Il faut regretter le peu de diffusion de la poésie de la part des éditeurs et le peu d’intérêt apparent des critiques littéraires qui sans le vouloir entretiennent vis-à-vis de cette forme d’écriture une réputation d’élitisme ou d’inaccessibilité non fondée et nous privent d’une expérience de lectures fortes et fécondantes.
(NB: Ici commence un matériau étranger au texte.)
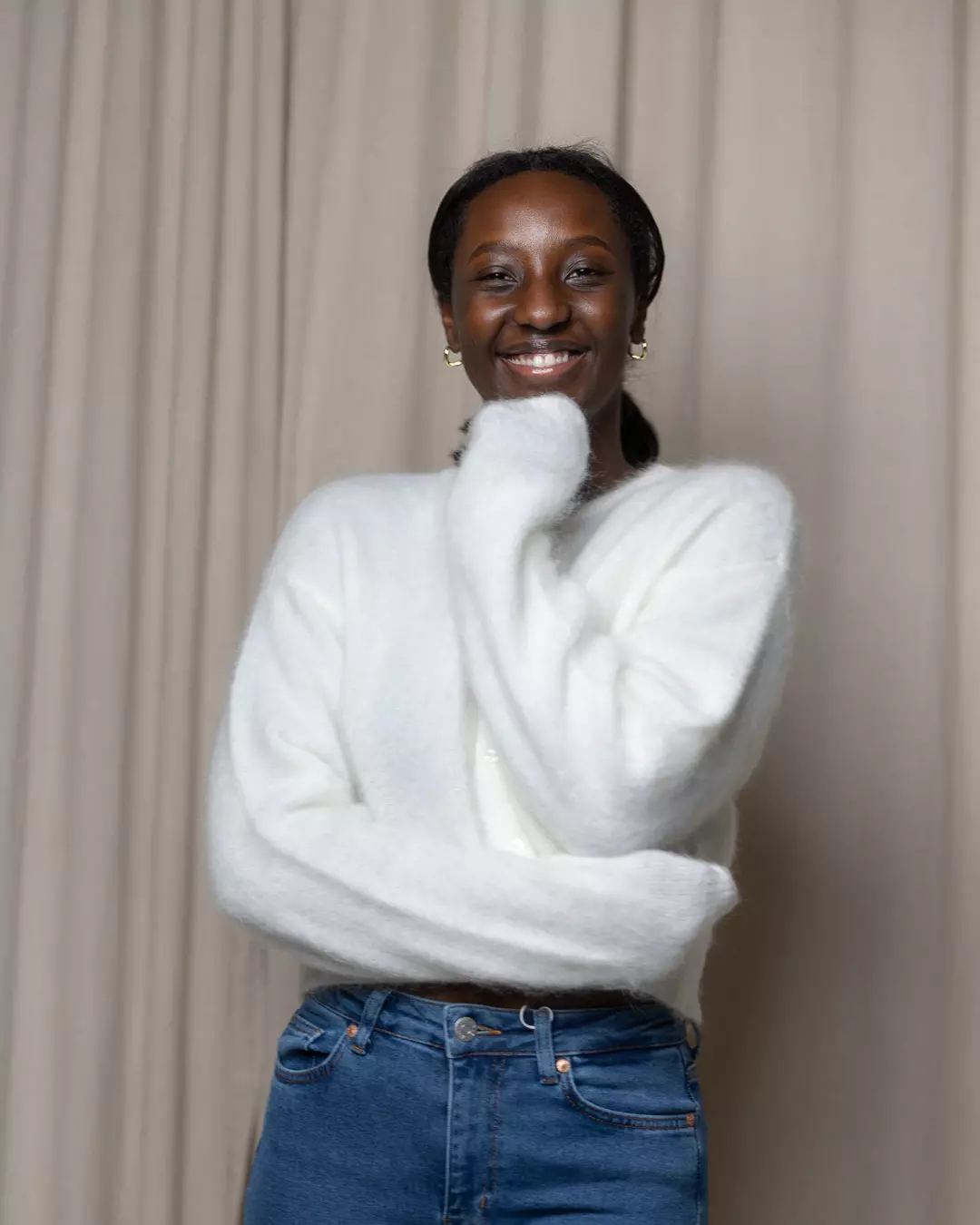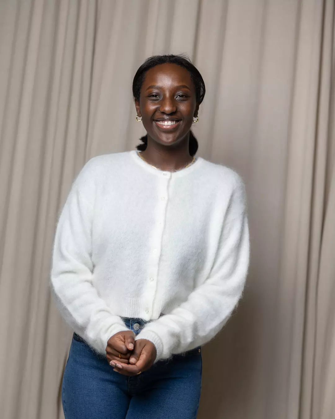 Cardigan fra Gestuz i superfin lys farge – med små søte knapper!

C’est ainsi que plusieurs auteurs qui se sont quelquefois adressés aux enfants font l’objet du même malentendu : leurs textes dits « pour la jeunesse » deviennent plus connus et célébrés que leurs écrits moins charmants sans doute, mais habités par un sens et une profondeur dont l’écho enrichit précisément ces contes et poèmes qu’on nous a fait lire quand nous étions petits et dont nous nous souvenons encore.
Il y a maldonne avec Saint-Exupéry par exemple dont le premier niveau de lecture du Petit Prince occulte la dimension personnelle et politique développée dans ses livres plus graves et plus directs, et qui écrivait: je ne veux pas qu’on lise mon livre à la légère ; avec Desnos, dont on vante plus souvent les charmants écrits pour les enfants (Une fourmi de dix-huit mètres Avec un chapeau sur la tête Ça n’existe pas, ça n’existe pas … eh ! et pourquoi pas !) en oubliant ses remarquables poèmes sur l’amour et sur la guerre ; et tout particulièrement avec Jacques Prévert devenu le poète officiellement assigné à la récitation des enfants des écoles maternelles et primaires malgré sa critique transparente et combien éloquente de l’école (et combien actuelle…)
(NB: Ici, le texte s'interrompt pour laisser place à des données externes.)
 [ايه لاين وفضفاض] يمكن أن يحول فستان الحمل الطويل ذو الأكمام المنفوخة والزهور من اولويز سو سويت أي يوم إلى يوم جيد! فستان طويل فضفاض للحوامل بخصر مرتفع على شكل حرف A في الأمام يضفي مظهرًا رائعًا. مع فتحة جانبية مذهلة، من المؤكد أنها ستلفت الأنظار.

Et pourtant la vie personnelle, les engagements et l’oeuvre de ces écrivains tous trois nés en 1900 ont été profondément affectés par la crise économique et sociale de l’entre-deux guerres , par l’échec du Front populaire et la montée du fascisme; leurs écrits témoignent de leur révolte et de leur souffrance devant l’expérience de la fragilité de l’amour, l’absurdité de la vie et la violence de la mort, comme ceux de la plupart des écrivains (mais pas tous) qui ont connu les deux guerres mondiales: la Grande en 14-18, puis en 39 la Seconde – cette « drôle de guerre » qui durera jusqu’en 1945 et à la fin de laquelle Desnos trouvera la mort .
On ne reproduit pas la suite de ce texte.